What he told them the next evening was how one day without warning the footsteps approached and the hatch was not opened, the door was. Two men reached in and lifted him out of the cell.
“I did not seem myself to myself,” he said, “so weak was I. I could not walk. I was a flake of Tomas. I was bone with flesh fallen off it. They dragged me from under my armpits. My feet scraped and bled on the stones. They bore a lantern that burned my eyes and I hung my head and saw the nakedness and dirt of myself passing down that place that was like a sewer beneath the gaol. I tried but could not talk. My mouth was sores, my tongue like that in a leather boot. When I reached the stairs I felt the light on the crown of my head hurting. When I got to the top I discovered I was near blind in this eye,” he said, pointing his finger to it.
“As they took me down along the corridor, another in chains passed me going toward my cell below. He flinched when he saw me. I heard his irons shake and the sounds of struggle as they beat him forward. I was thrust on, dragged by my gaolers and brought at last to a large hall with barred gates and iron bars from floor to roof. Inside were maybe three hundred men and women. They clamoured toward the gate when the gaolers approached and were threatened back with lashings and the beating of batons on the bars. I was thrown in there then. The gates were locked and the gaolers went away.
“I lay on the ground. There were high, barred windows. The daylight hurt me. I curled there and did not know if I was to live or die. Then the people came about me. They were beggars and thieves and rebel men and ones caught without means. The women were to be in separate quarters, but all these were filled and so they were brought here to that large gaol instead and were to wait until such space became open to them.
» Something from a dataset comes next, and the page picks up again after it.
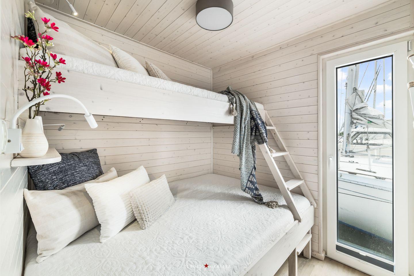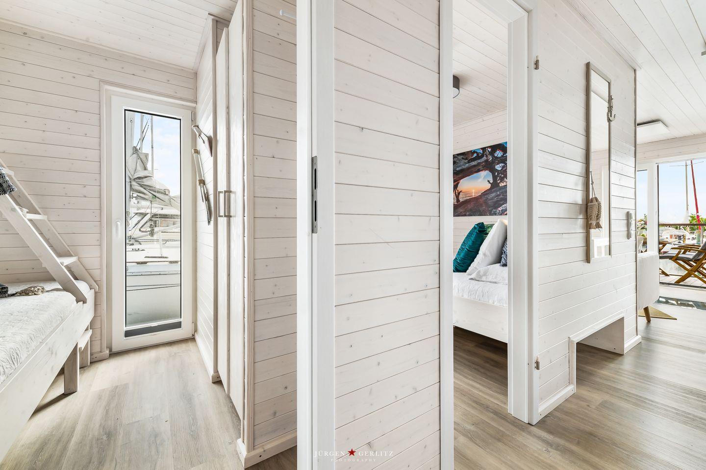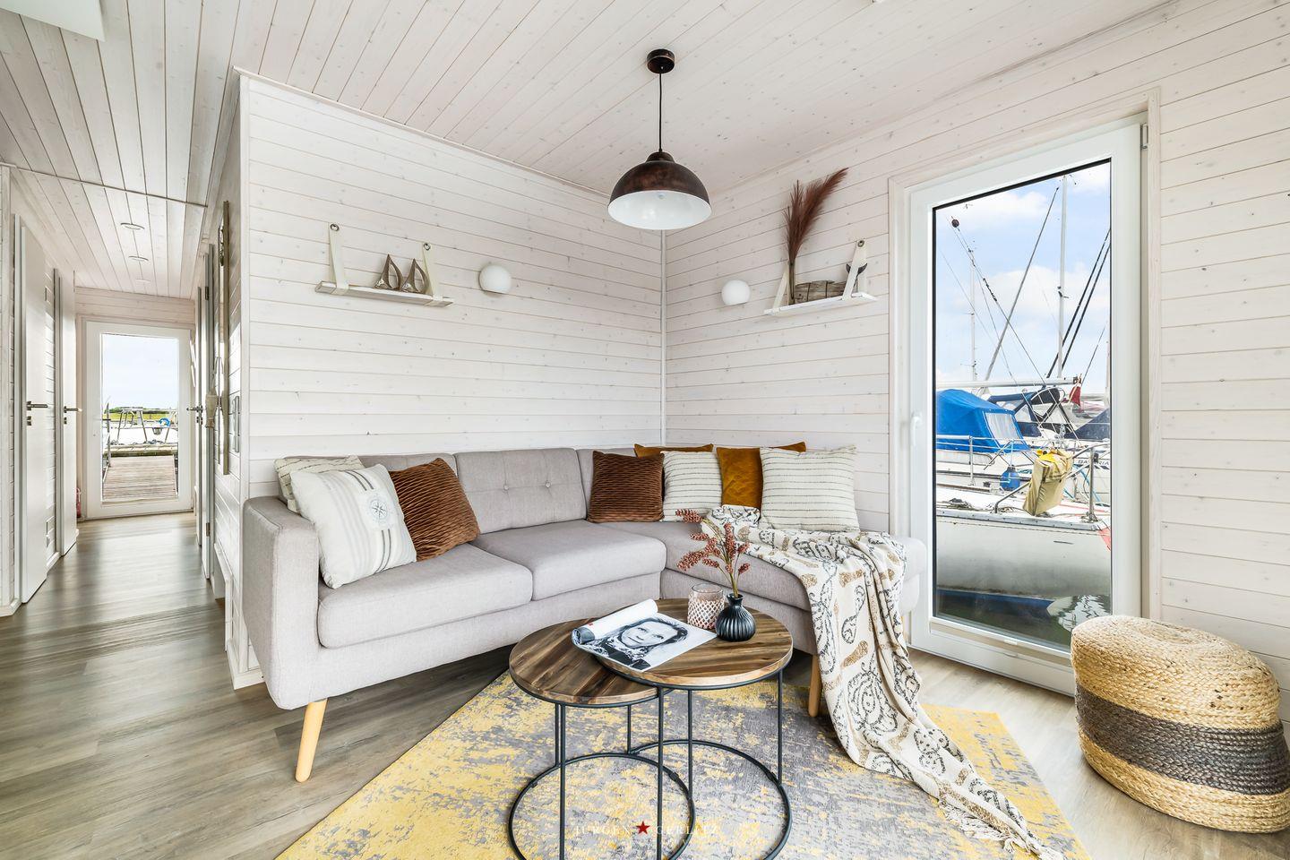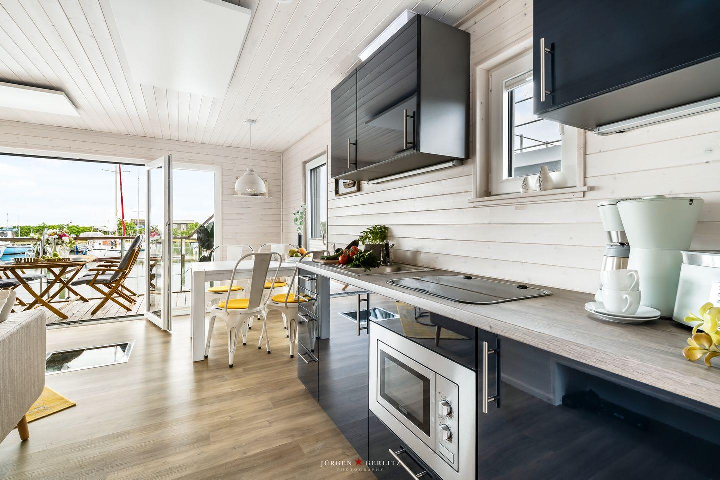 Das Hausboot verfügt über 2 Schlafräume, 1 Wohn-/ Esszimmer, eine Küchenzeile, Dusch-Bad, separates WC, WLAN. Die Wohnfläche beträgt 40m² und die Ausstattung lässt keine Wünsche offen. Genießen Sie die Annehmlichkeiten einer komplett ausgestatteten Ferienwohnung verbunden mit der Freiheit auf dem Wasser. Das ist Erholung pur, eben "Urlaub in der ersten Reihe". Das großzügige Sonnendeck erstreckt sich über die gesamte obere Etage und bietet einen Rundumblick über die Marina sowie die Inseln der dänischen Südsee. Ein herrlicher XL Strandkorb und Liegen laden zum Entspannen, zu Sundowner & Co. ein.

Some were there without trial or judgement other than the wishes and say-so of their landlords or some other one. They saw how I was and clothed me with abandoned rags. They carried me back toward the wall where the ground was driest, for the light passed there each day. The women sat me then on cloths they had made themselves of their own rags. One touched water on my lips. I thought I fell in dreams then. I thought I lost the world and slipped into imagining, for before me then I saw Blath.
“I thought one eye was blind and the other saw dreams. But she was small and bent down and was near to me and I smelled her and her fingers touched on the place on my forehead that was bruised and bloodied from beating on the door. And it was her.”
They were seated again by the low fire beside the cart on the west coast of Clare. When he said her name Tomas looked to where Blath was now sleeping. He had thought that if they did not move for some days, her health might recover, but as she lay her breaths came in broken parcels and her body still shivered beneath their blankets and coats.
“It was her,” Tomas said.
“She had been brought there after the fire in Stafford’s house. Some had told against her and said that I had come to kill him because of her, and so she was brought in without trial in the night and thrown in the gaol and forgotten there. For one year she did not know if I was living. She hungered, she grew ill, and her feet swelled. They had called for the surgeon of that place for her. Farley, his name was, a man big in the stomach. He came there sometimes and ate with the captain. I saw him. He passed the gates of our gaol with a cloth over his mouth. The guards took Blath to him. They laid her on a table there and he looked at her feet and he cut them then.”
The wind came up from the sea and was bitter at their eyes and lips.
“He bled her to release the swelling. They told me he swayed with the wine of his dinner. He cut too forcefully and severed the backs of her heels.”
Tomas cupped his hands before his face and bit on his two thumbs. He stayed like that until his voice was steadied.